Hint: Get the values of\[{{\sin }^{3}}x\] and \[{{\cos }^{3}}x\]from the trigonometric identities of \[\sin 3x\]and\[\cos 3x\]. Identities are given as \[\sin 3x=3\sin x-4{{\sin }^{3}}x,\text{ }\cos 3x=4{{\cos }^{3}}x-3\cos x\]
Simplify it further and again use trigonometric identity of \[\sin \left( A+B \right)=\sin A\cos B+\cos A\sin B.\]General solution of equation \[\sin x=\sin y,\]is given as\[x=n\pi \pm \left( -1 \right)\], where\[n\in z\].

Complete step-by-step answer:
Given expression in the problem is
\[{{\sin }^{3}}x\cos 3x+{{\cos }^{3}}x\sin 3x+\dfrac{3}{8}=0...........(1)\]
We know the algebraic identities of\[\sin 3x\] and\[\cos 3x\]are given as
\[\sin 3x=3\sin x-4{{\sin }^{3}}x\]
\[\cos 3x=4{{\cos }^{3}}x-3\cos x\]
Hence, we can get the value of\[{{\sin }^{3}}x\] and \[{{\cos }^{3}}x\]from both the expression as
\[{{\sin }^{3}}x=\dfrac{3\sin x-\sin 3x}{4}\]\[\to (2)\]
\[{{\cos }^{3}}x=\dfrac{3\cos x+\cos 3x}{4}\]\[\to (3)\]
Now, put the value of\[{{\sin }^{3}}x\] and \[{{\cos }^{3}}x\]from the equation (2) and (3) to the equation (1).
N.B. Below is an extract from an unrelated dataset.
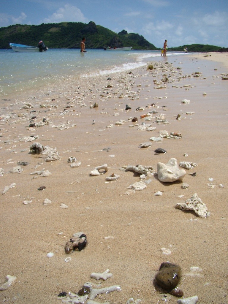 Fiji’s islands (most of which are volcanic), come in various shapes and sizes and they all have their own charm. From our boat ride up to the Yasawas we became fully aware of what laid ahead – beautiful sandy beaches outlining lush island vegetation or long beaches interrupted by rugged volcanic rocks. Some islands seemed very desolate which explains why movies like Cast Away were shot out there. Not to mention that they all sit in the most appealing shades of blue waters with deep clarity. Snorkeling and scuba diving are big here and the coral reefs around some of the islands are simply underwater magic. On one of the days we went snorkeling (on a guided tour), several miles out in the ocean. It was a bit rainy at first so with the hanging mist there was no sight of any land. It was ocean all around with the exception of our boat which for some reason disappeared at one point. From then on it was all water and the beautiful world underneath. The coral reef and tropical fish were quick to put our minds at ease as we took it all in. But the real reason we were there was reef sharks (white fintips), which appeared after sensing our presence. There were about 6 or 7 ranging in size anywhere from 3 to 6 feet. They were curious and somewhat friendly swimming around us. Sam (our guide), kept grabbing and holding some of them so we could touch their silky smooth skin while taking intimate notice of their firm musculature just beneath. Apparently this is a daily ritual for Sam, talk about a hands-on job! The other thing that struck us was how two of Sam’s friends went spearfishing a couple of miles away from where we snorkeled. We had dropped these guys off on our way to the reef and after our swim with the sharks we went to pick them up. We located one of them right away but the other guy took some time to find. After all the ocean is quite big and it all looks the same. Apparently they do this everyday as well. It’s the Fijian way of life as we learned.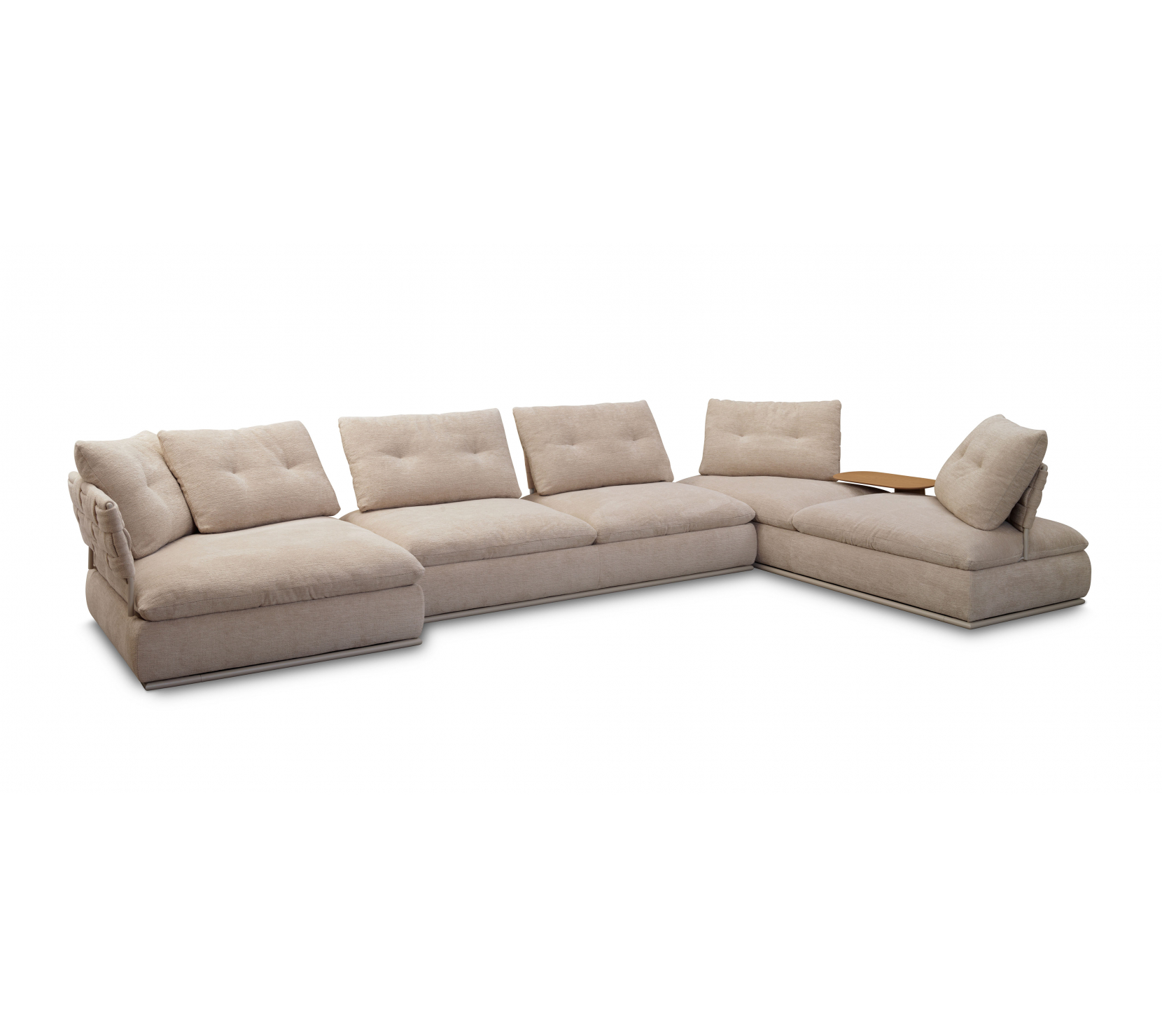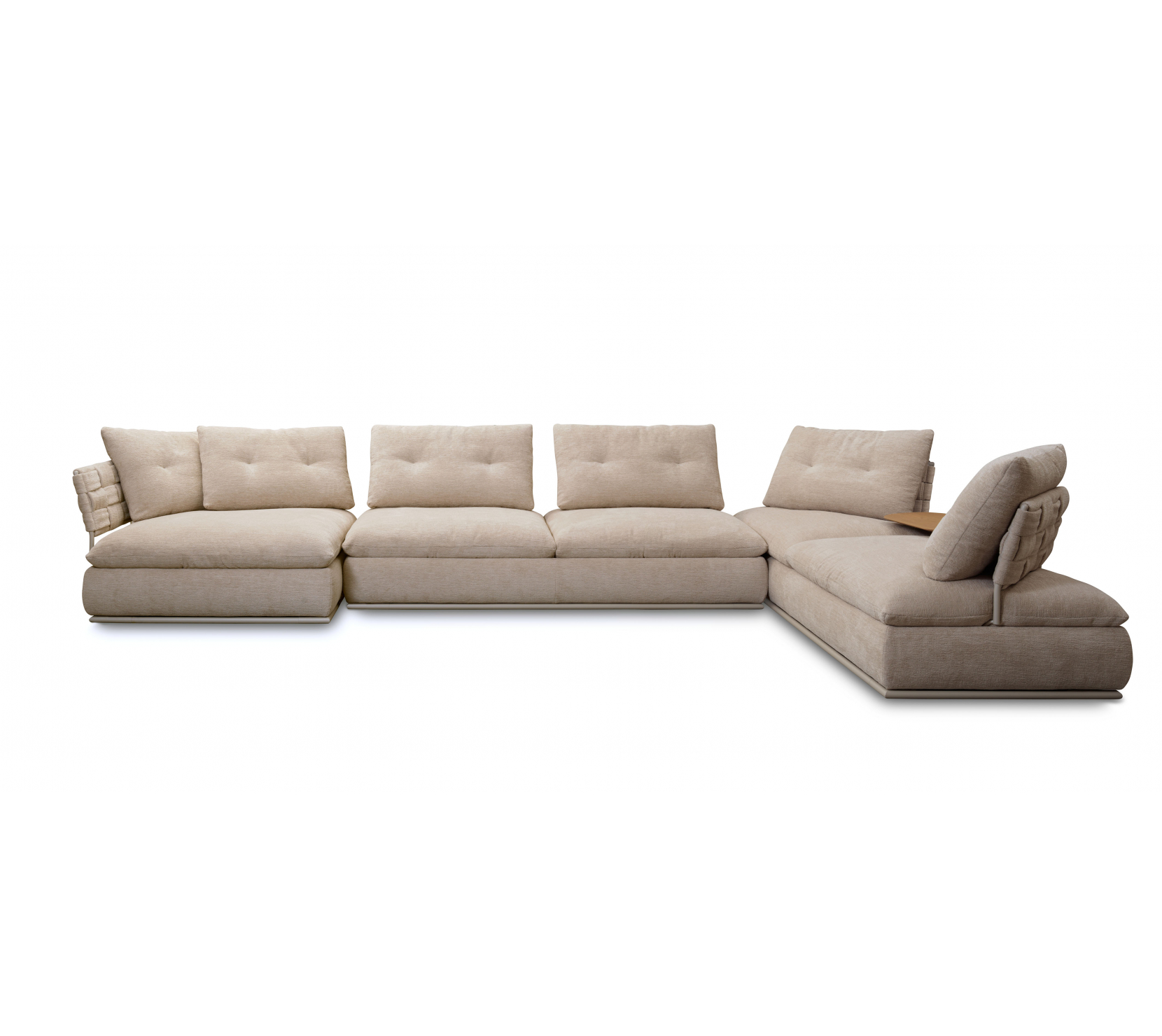 回到地面、回到被包覆與安放的感受,是 Land 的設計起點。寬厚坐墊置於金屬底座之上,輪廓低伏卻不失張力,背靠以明確的結構語言延伸,結合精緻的縫製細節,展現出柔與剛的交錯。

So, we get
\[\begin{align}
  & \left( \dfrac{3\sin x-\sin 3x}{4} \right)\cos 3x+\left( \dfrac{3\cos x+\cos 3x}{4} \right)\sin 3x+\dfrac{3}{8}=0 \\
 & \dfrac{1}{4}\left[ 3\sin x\cos 3x-\sin 3x\cos 3x+3\cos x\sin 3x+\cos 3x\sin 3x \right]+\dfrac{3}{8}=0 \\
\end{align}\]
\[\begin{align}
  & \dfrac{3}{4}\left[ \sin x\cos 3x+\cos x\sin 3x \right]=-\dfrac{3}{8} \\
 & \Rightarrow \left[ \sin x\cos 3x+\cos x\sin 3x \right]=-\dfrac{1}{2}\to (4) \\
\end{align}\]
Now, we know that the trigonometric identity of\[\sin \left( A+B \right)\]is given as
\[\sin \left( A+B \right)=\sin A\cos B+\cos A\sin B\to (5)\]
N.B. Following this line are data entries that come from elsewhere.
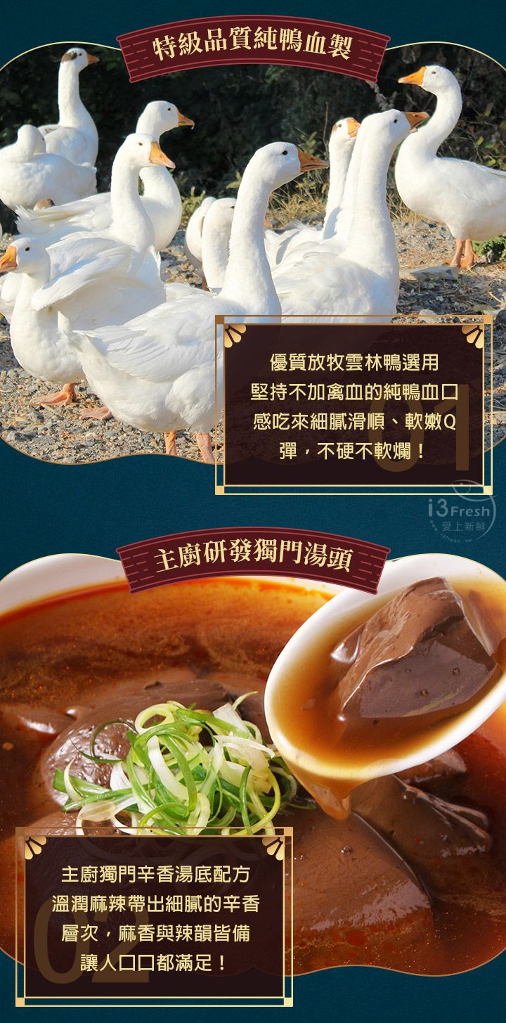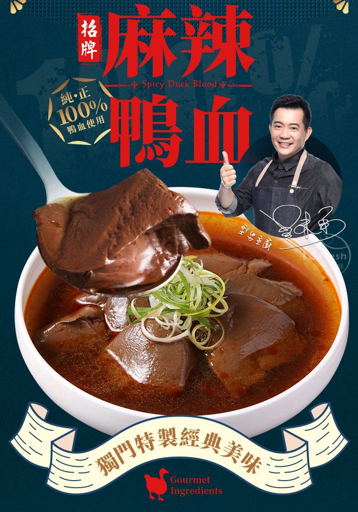 嚴選東勢優質鴨隻,100%純鴨血製作絕不摻雜豬血或雞血,鴨血細嫩滑口富有彈性,搭配特調黃金比例麻辣湯底,獨門香氣香麻溫潤,饕客必嚐!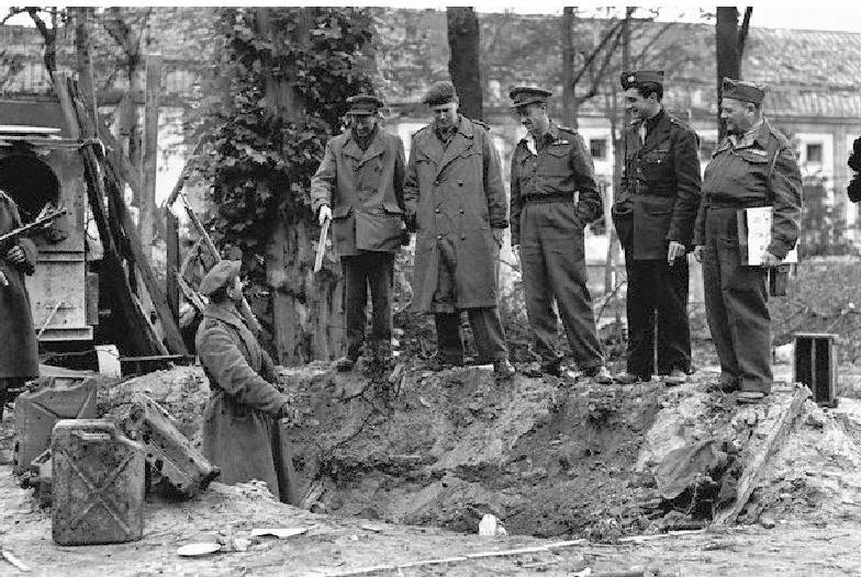 拍摄于战后的照片,几个盟军军官站在一个土坑前,据说希特勒的尸体就是在这个坑中进行焚烧的。当元首的尸体还在花园里燃烧的时候,地下避弹所内所有的人都开始觉得自己不会被苏联红军杀死,有些人则开始酗酒。此时的鲍曼却把心思放在了新一届德国政府的组建上。他首先向邓尼茨发了一封电报,而现在的邓尼茨正在基尔附近的普伦指挥所里。电报告知邓尼茨,他将接任德国元首一职,应该根据战局的形势,立即采取相应的措施。鲍曼并没有告诉他希特勒已经死了,如果没有希特勒,邓尼茨将没有任何权力可言。可是让鲍曼没想到的是,希姆莱同邓尼茨在一起,邓尼茨没有拘捕他,而鲍曼必须加入新一届的纳粹政府,这样他才能同希姆莱对抗。但此前,戈培尔、克莱勃斯和布格多夫都决定留在柏林一起自杀。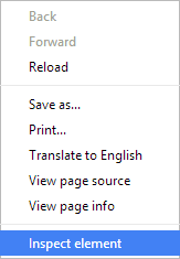 1. Right-click in the body of the Web Page and then click on Inspect Element. (You can also get the same from "Tools" -> "Developer Tools".)

Hence, we can simplify equation (4) further, with the help of equation (5) as
\[\begin{align}
  & \sin \left( x+3x \right)=-\dfrac{1}{2} \\
 & \sin 4x=-\dfrac{1}{2}\to (6) \\
\end{align}\]
We know\[\sin \theta \] gives the value \[\dfrac{1}{2}\] at \[\dfrac{\pi }{6}\] and we know the relation \[\sin \left( -\theta \right)=-\sin \theta \] as well. So, put \[\theta =\dfrac{\pi }{6}\] to the expression \[\sin \left( -\theta \right)=-\sin \theta \], we get
\[\sin \left( -\dfrac{\pi }{6} \right)=-\sin \left( \dfrac{\pi }{6} \right)=-\dfrac{1}{2}\]
Hence, the principal value of \[4x\]from the equation (6) will be \[-\dfrac{\pi }{6}\]. Now, we can write the equation (6) as
\[\sin 4x=\sin \left( -\dfrac{\pi }{6} \right)\]
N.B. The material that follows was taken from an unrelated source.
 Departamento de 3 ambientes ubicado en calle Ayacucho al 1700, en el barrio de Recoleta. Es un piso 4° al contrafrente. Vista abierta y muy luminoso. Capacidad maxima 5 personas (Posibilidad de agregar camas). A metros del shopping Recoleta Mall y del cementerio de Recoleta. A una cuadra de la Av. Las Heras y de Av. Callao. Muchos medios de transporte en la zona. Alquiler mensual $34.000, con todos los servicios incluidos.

Now, we know the general solution of \[\sin x=\sin y\] is given as \[x=n\pi +{{\left( -1 \right)}^{n}}y;n\in z\].
So, we get general solution as
\[\begin{align}
  & 4x=n\pi +{{\left( -1 \right)}^{n}}\left( -\dfrac{\pi }{6} \right) \\
 & 4x=n\pi -{{\left( -1 \right)}^{n}}\dfrac{\pi }{6}\text{;}n\in z. \\
\end{align}\]
Now, divide the whole equation by ‘4’,
\[x=\dfrac{n\pi }{4}-{{\left( -1 \right)}^{n}}\dfrac{\pi }{24}\]

Note: Another approach for this question would be that we could put values of \[\sin 3x\] and\[\cos 3x\] by their identities. Hence, may get a 6-degree equation related to the given equation. Do not confuse with the formula of \[\sin 3x=3\sin x-4{{\sin }^{3}}x\]
\[\cos 3x=4{{\cos }^{3}}x-3\cos x\]
Do not confuse with the other general equation of\[\sin x=\sin y\]. We need to use principle value for the c. One may connect the whole relation to \[\cos \theta \]as well.